The Transtheoretical Model (TTM) of Behavior Change was developed by Dr. James Prochaska and his colleagues at the University of Rhode Island Cancer Prevention Research Center. It has been operationalized and used extensively to promote optimal heath by promoting behavioral change in the areas such as smoking, diet, alcohol and substance, eating disorders, panic disorders and others. One of the model’s major contributions is the recognition that behavioral change unfolds through a series of stages. That is, individual progress through a series of stages in recognizing the need to change, contemplating a change, making a change, and finally sustaining the new behavior. Most important, they have learned that it is critical to understand and identify the stage an individual is in before a successful change intervention can be designed and applied.
Stages of Change
Precontemplation is the stage at which there is no intention to change behavior in the foreseeable future. Many individuals in this stage are unaware of problems or that there is a need for change.

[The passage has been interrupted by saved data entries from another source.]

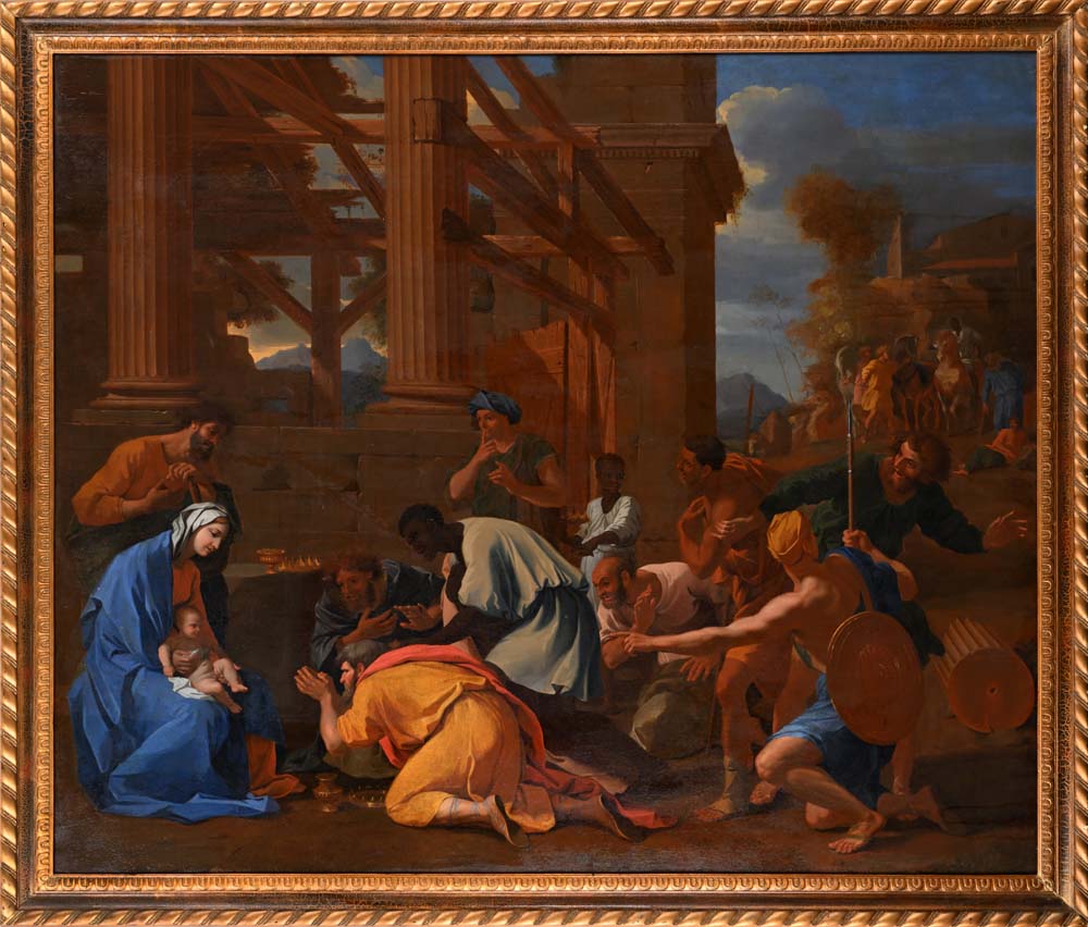 Adorazione dei Magi Olio su tela cm 151,7 x 181 - in cornice cm 166,4 x 196,2 Iscrizione in basso a destra sul frammento di colonna: A[cad Rom.] / Nicolas Poussin / f[ecit] Roma[e] 1633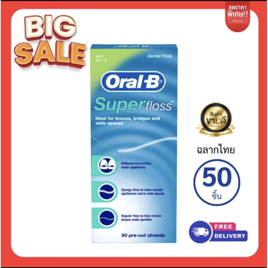 [ส่งฟรี] Exp.2028 ไหมขัดฟัน oral B super floss 50 ชิ้น ออรัล บี
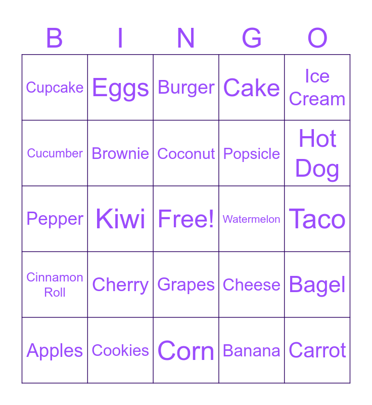 This bingo card has a free space and 43 words: Broccoli, Carrot, Peas, Apples, Strawberry, Banana, Burger, Fries, Ice Cream, Cookies, Cake, Watermelon, Grapes, Cherry, Donut, Corn, Tomato, Pepper, Pizza, Hot Dog, Eggs, Cupcake, Pineapple, Cupcake, Pear, Taco, Orange, Pie, Cheese, Cinnamon Roll, Popcorn, Bagel, S'more, Kiwi, Sushi, Lemon, Blueberry, Coconut, Cucumber, Popsicle, Raspberry, Brownie and Muffin.

Contemplation is the stage in which individuals have identified a problem. In this stage, they are deciding whether or not there is a need to take action to correct the problem. Do the pro & cons of change outweigh the pro & cons of maintaining present behavioral pattern?
Preparation is a stage entered into once the individual decides there is a need to take some action. Specific plans of action are developed in this stage as the individual chooses among alternative potential solutions.
Action is the stage in which individuals put their plans into action and change their behavioral patterns.
Maintenance is the stage in which people work to prevent relapse and consolidate the gains attained during action.